A Voice From the Gulf (i.e., an industry-savvy guy I’ve known for several years) wrote this morning to remind that most Academy voters tend to vote like abused, emotionally-needy children and that when push comes to shove the Best Picture contenders that offer emotional comfort-blanket assurance tend to win. I think a few of us may have pondered this one before but fine. I was going to post my response at the tail end but nobody will read that far so I’m posting it subsequently (i.e., see above). Here’s how Gulf Guy puts it:
“No offense to Sasha Stone, but your friend is out of her mind for thinking Boyhood is going to win Best Picture. Didn’t she watch your Huffpost interview with Brad and Anne? Anne thinks Birdman has it in the bag for Best Picture. They’re both nuts. Thank God Brad pointed out the obvious fact, which is that these are CRITICS CHOICES, not OSCAR CHOICES. By and large, Birdman, Boyhood, Foxcatcher, et al. are going to be Critics’ Choices and there’s nothing wrong with that, but critics awards don’t always correlate with the guilds and the Oscars.
“Look to the British biopics (The Theory of Everything, The Imitation Game) and possibly Unbroken (if I were to hazard a guess) for your Oscar winner. The Academy goes for Emotional Push Buttons (EPB), not Esoteric Think Pieces (ETP). There is the very rare exception and that one that comes to mind is the Coen brothers‘ No Country for Old Men, which falls into the Way Overdue Artist (WOA) category. But that’s rare.”
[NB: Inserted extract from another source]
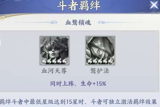 这个能力可以让羁绊成员获取生命+15%的提升,如果大家没有拿到这里羁绊角色也不用着急,因为后期在羁绊斗者最低星级达到15星的时候,这里只要是有羁绊效果的斗者都是可以独立激活羁绊效果的,但是前期大家还是比较需要羁绊成员的加成,特别是一个队伍当中不仅是可以只触发一个羁绊的情况下,血河天尊没有达到15星还是需要鹜护法加成的。
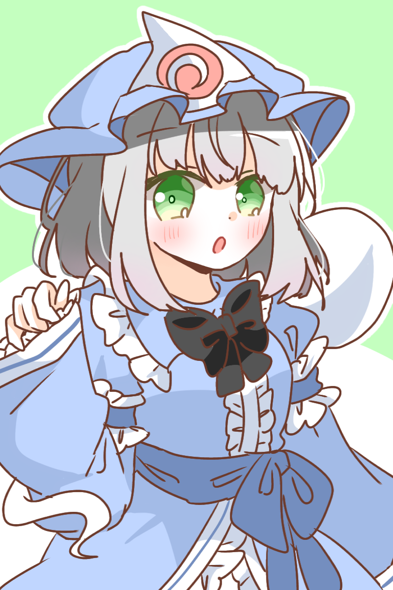 1girl alternate_costume black_bow black_bowtie blue_hat blue_kimono blush bow bowtie commentary_request cosplay frilled_kimono frilled_sleeves frills green_eyes grey_hair hat highres hitodama japanese_clothes kimono konpaku_youmu konpaku_youmu_(ghost) long_sleeves looking_at_viewer mob_cap open_mouth saigyouji_yuyuko saigyouji_yuyuko_(cosplay) sleeve_garter solo touhou triangular_headpiece wakana1327 wide_sleeves

Quick Wells response: I hear this same EPB vs. ETP dynamic every year, and it profoundly nauseates and infuriates every time. For decades members of the Academy of Motion Picture Arts and Sciences have made themselves infamous for succumbing to soft, tepid emotional impulses in their voting for Oscar winners. The problem with the Academy can be boiled down to the ‘deadwood’ members — the over-the-hill crowd that doesn’t work that much (if at all) and whose tastes are conservative and smug and myopic. Again, from a piece I wrote on 10.31.13: “If the Academy wants to be part of the world as it is right now and have the Oscar winners reflect this, it has to reduce the influence of people whose professional peaks happened 15 or 20 or more years ago. These people will retain membership and all the priveleges that go with that, but their votes won’t count as much as those who are actively working and contributing to the films of today, or at least films made within the last five to ten years — simple.”